由于我做的是一维数据识别，需要将代码改为一维，和修改数据读入。

修改下面部分即可改变网络结构，由于电脑显卡太差，原论文中的结构会因为显存不够而报错。

def Dense_net(self, input_x):
        x = conv_layer(input_x, filter=2 * self.filters, kernel=[1, 7], stride=2, layer_name='conv0')#卷积
        x = Max_Pooling(x, pool_size=[1, 3], stride=2)#最大池化

        for i in range(self.nb_blocks):
            # 6 -> 12 -> 48
            x = self.dense_block(input_x=x, nb_layers=2, layer_name='dense_' + str(i))
            x = self.transition_layer(x, scope='trans_' + str(i))

        """
        x = self.dense_block(input_x=x, nb_layers=6, layer_name='dense_1')
        x = self.transition_layer(x, scope='trans_1')

        x = self.dense_block(input_x=x, nb_layers=12, layer_name='dense_2')
        x = self.transition_layer(x, scope='trans_2')

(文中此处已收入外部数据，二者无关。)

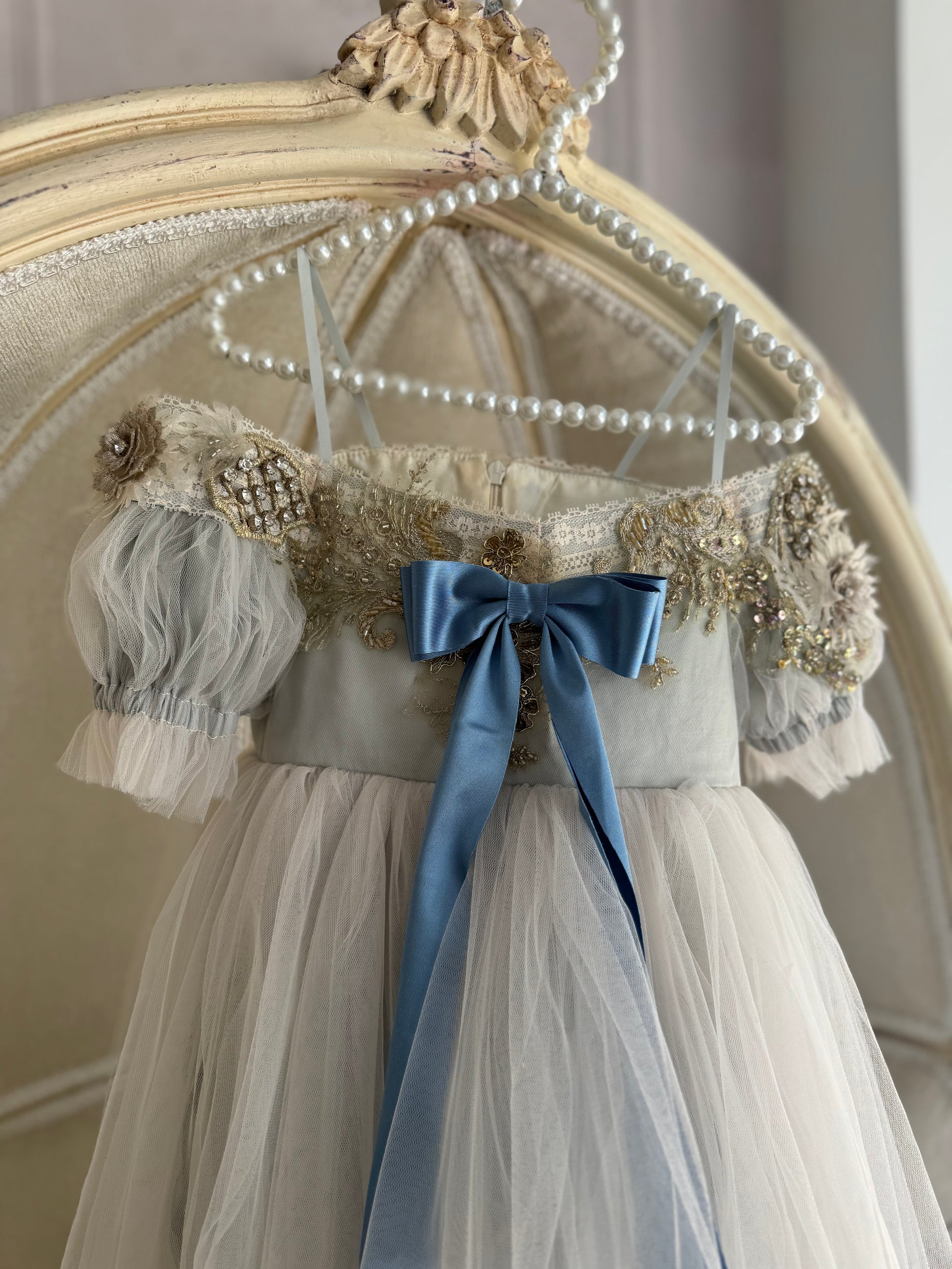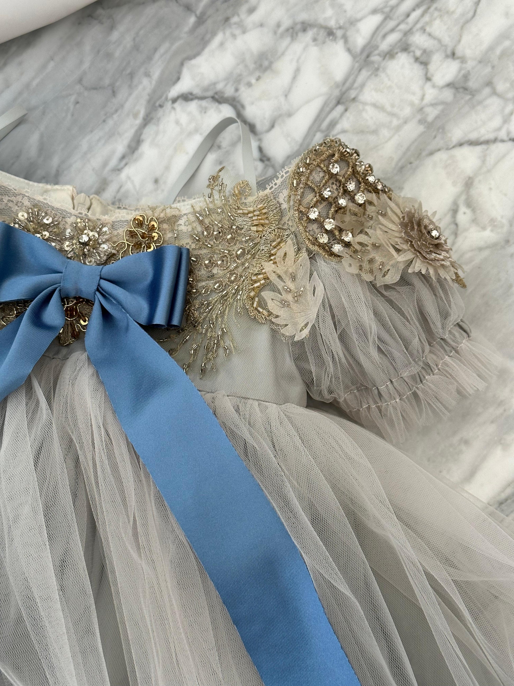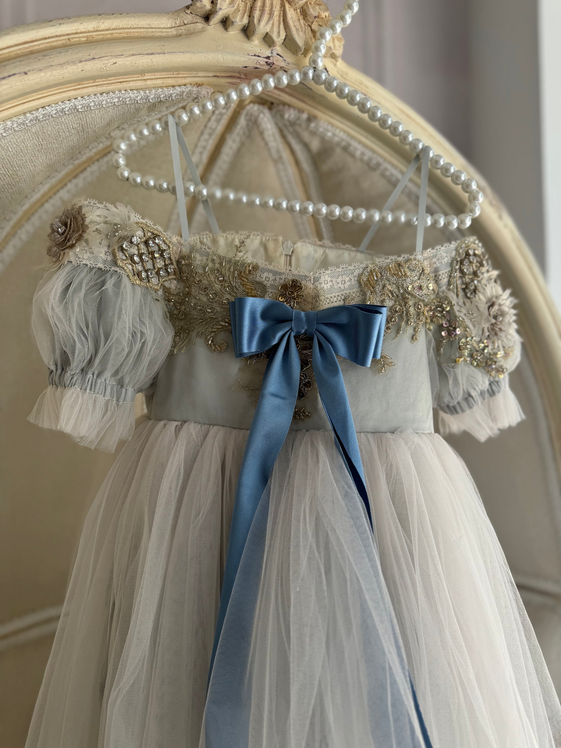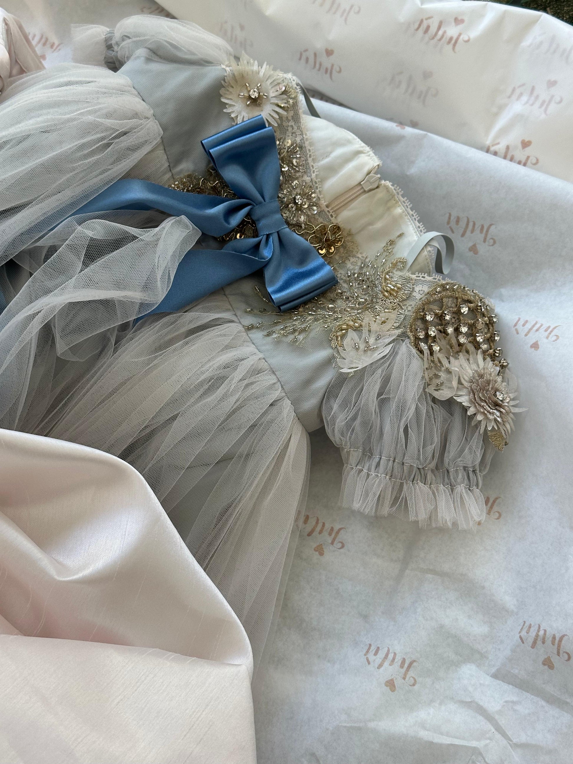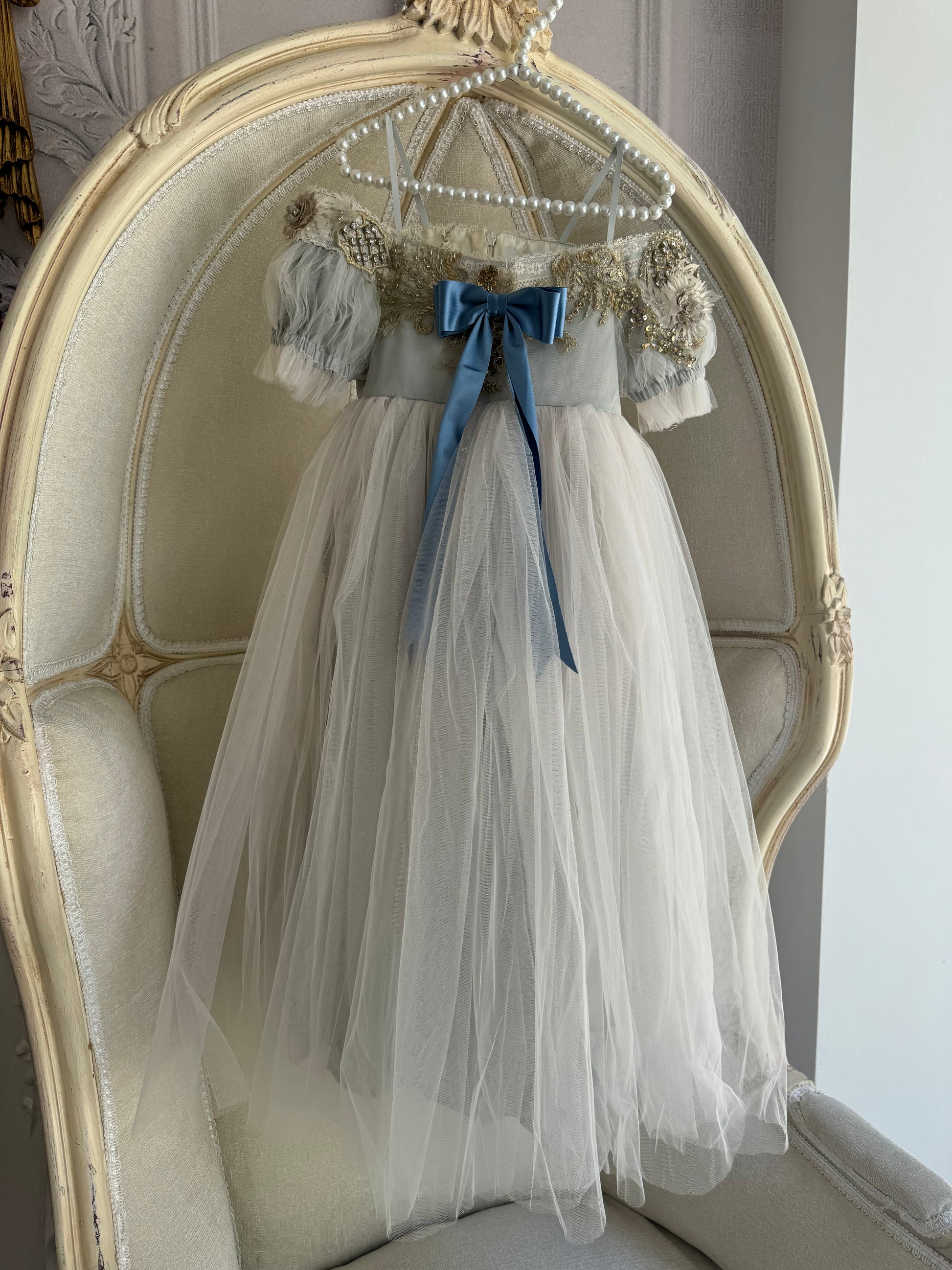 Lotus blu dress! Fustan madheshtor eventesh, me extra gjatesi! Me detaje te qendisura dhe kristale e gure delikate.

        x = self.dense_block(input_x=x, nb_layers=48, layer_name='dense_3')
        x = self.transition_layer(x, scope='trans_3')
        """  

        x = self.dense_block(input_x=x, nb_layers=4, layer_name='dense_final')

        # 100 Layer
        x = Batch_Normalization(x, training=self.training, scope='linear_batch')
        x = Relu(x)
        x = Global_Average_Pooling(x)
        x = flatten(x)
        x = Linear(x)

        # x = tf.reshape(x, [-1, 10])
        return x

完整代码

import tensorflow as tf
from tflearn.layers.conv import global_avg_pool
from tensorflow.examples.tutorials.mnist import input_data
from tensorflow.contrib.layers import batch_norm, flatten
from tensorflow.contrib.framework import arg_scope
import numpy as np
import matplotlib.pyplot as plt


# Hyperparameter
growth_k = 12
nb_block = 1  # how many (dense block + Transition Layer) ?
init_learning_rate = 1e-3
epsilon = 1e-8  # AdamOptimizer epsilon
dropout_rate = 0.2

# Momentum Optimizer will use
nesterov_momentum = 0.9
weight_decay = 1e-4

# Label & batch_size
class_num = 2


total_epochs = 400


DATA_SIZE = 1175
BATCH_SIZE =128

acc_print=[]
acc_printx=[]
acc_printy=[]

tf.reset_default_graph()
def conv_layer(input, filter, kernel, stride=1, layer_name="conv"):
    with tf.name_scope(layer_name):
        network = tf.layers.conv2d(inputs=input, filters=filter, kernel_size=kernel, strides=stride, padding='SAME')
        return network


def Global_Average_Pooling(x, stride=1):
    """
    width = np.shape(x)[1]
    height = np.shape(x)[2]
    pool_size = [width, height]
    return tf.layers.average_pooling2d(inputs=x, pool_size=pool_size, strides=stride) # The stride value does not matter
    It is global average pooling without tflearn
    """

    return global_avg_pool(x, name='Global_avg_pooling')
    # But maybe you need to install h5py and curses or not


def Batch_Normalization(x, training, scope):
    with arg_scope([batch_norm],
                   scope=scope,
                   updates_collections=None,
                   decay=0.9,
                   center=True,
                   scale=True,
                   zero_debias_moving_mean=True):
        return tf.cond(training,
                       lambda: batch_norm(inputs=x, is_training=training, reuse=None),
                       lambda: batch_norm(inputs=x, is_training=training, reuse=True))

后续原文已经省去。